The Reserve Bank of India (RBI) spent a whopping Rs 7,965 crore to print new currency notes from July 2016 to June 2017, a jump of 133 per cent against Rs 3,421 crore in the same period of the previous year, in the wake of demonetisation of Rs 500 and Rs 1,000 notes. According to the RBI, the surge in expenditure during the year was on account of change in the production plan of printing presses due to the introduction of new design notes in higher denominations as well as the requirement of larger volume of notes for replacement of the demonetised currency.

“Furthermore, in order to ensure availability of banknotes across the country at the shortest possible time subsequent to the demonetisation, banknotes had to be frequently air-lifted from the presses to the issue offices of the Reserve Bank as well as directly to currency chests wherever feasible, which partly contributed to the increase in the cost of distribution of banknotes,” the RBI said.

The RBI introduced new Rs 500 and Rs 2,000 notes after demonetising old Rs 500 and Rs 1,000 notes on November 8.

“In order to improve availability, direct remittances were increasingly sent to various currency chests from the printing presses. More than 100 direct remittances were sent to currency chests in various issue circles,” the RBI said. Banks managing the currency chests were allowed to make inter-circle diversions at their discretion to even out cash availability, it said. There was reimbursement of cost for finished banknotes, work in progress, raw materials, etc. as the printing presses had to discontinue printing of Rs 500 and Rs 1,000 denomination banknotes which were withdrawn in November 2016.

The total supply of notes was 3.5 per cent higher than the indent placed with the printing presses for 2016-17, while the indent itself was higher by around 17.4 per cent than that of the previous year, the RBI said.

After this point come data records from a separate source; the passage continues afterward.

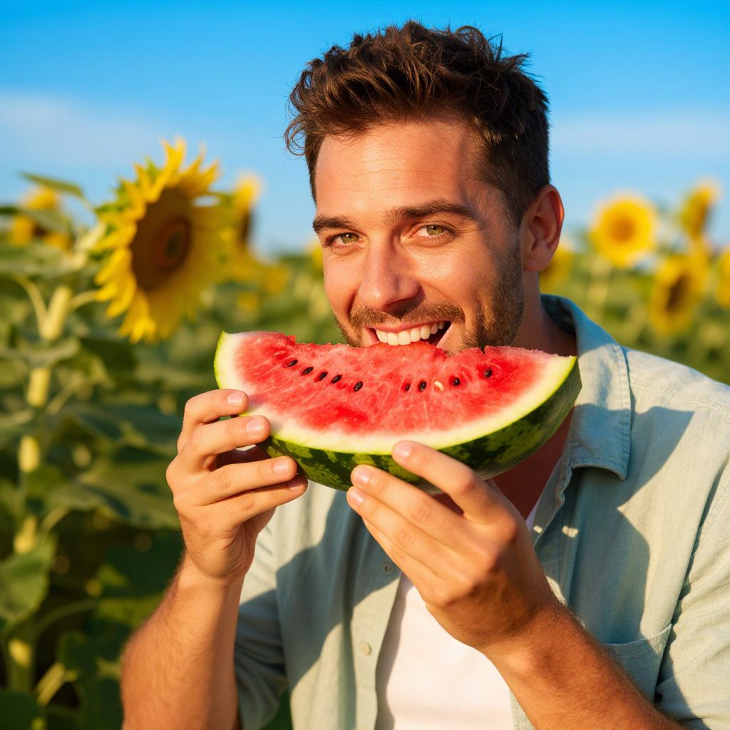 Photograph of a young, handsome man with curly brown hair and light brown eyes, wearing a dark blue V-neck T-shirt. He is holding a glass filled with a layered drink, featuring green at the top, orange in the middle, and red at the bottom, with a straw. He is sipping the drink while sitting in a brightly lit, indoor setting with greenery and yellow flowers in the blurred background. The image has a vivid, slightly enhanced color style, giving it a lively and refreshing feel.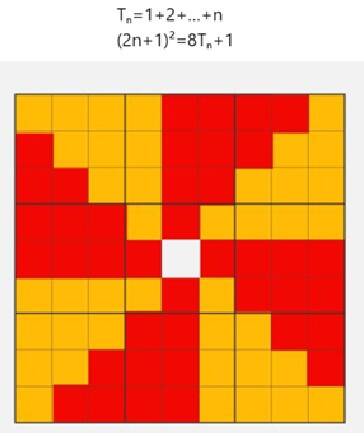 Hieronder staat een bewijs zonder woorden voor de somformule 1 + 2 + 3 + ... + n = n(n + 1)/2.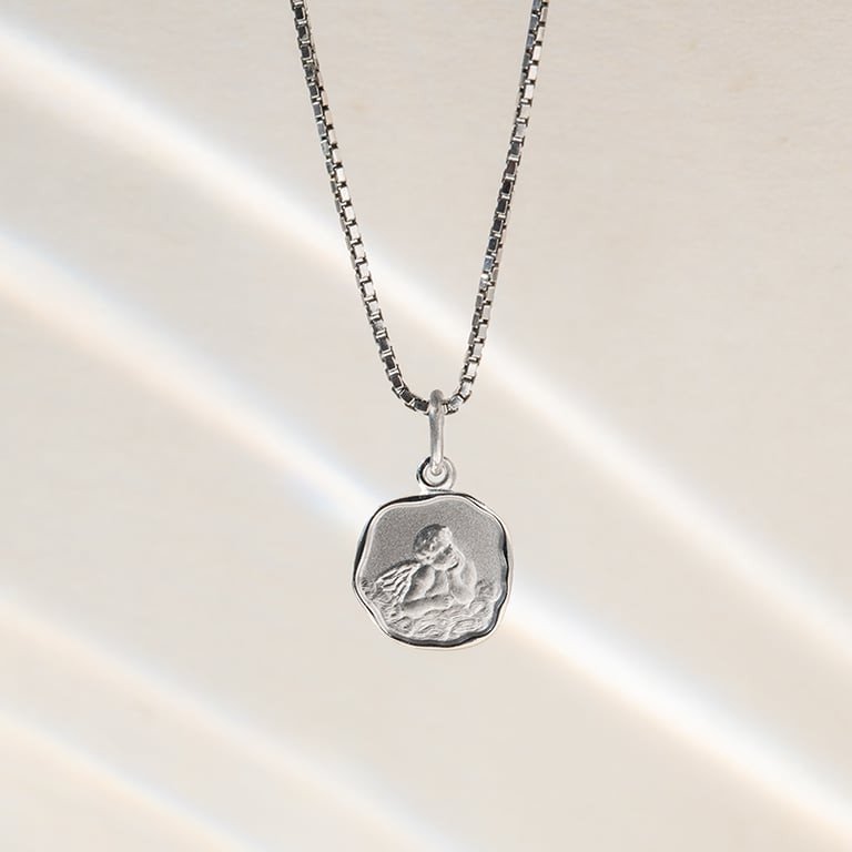 • Anhänger in Form einer unregelmäßigen Münze mit dem Motiv eines Engels

As a result of the high cost incurred for printing notes as part of remonetisation of currency and provisions, the total expenditure of the Reserve Bank increased by 107.84 per cent from Rs 14,990 crore in 2015-16 to Rs 31,155 crore in 2016-17, according to the RBI’s Annual Report, Supply of notes during the year at 29,043 million pieces was 37 per cent higher than the total supply during previous year (21,195 million pieces). Supply of higher denomination notes during 2016-17 was 13,702 million pieces as against 5,268 million pieces supplied in 2015-16, higher by 160 per cent, the RBI said.

In its Right to Information (RTI) reply to an application filed by The Indian Express, the RBI had said the Central Board discussed and approved the proposal to introduce Rs 2,000 notes on May 19 last year.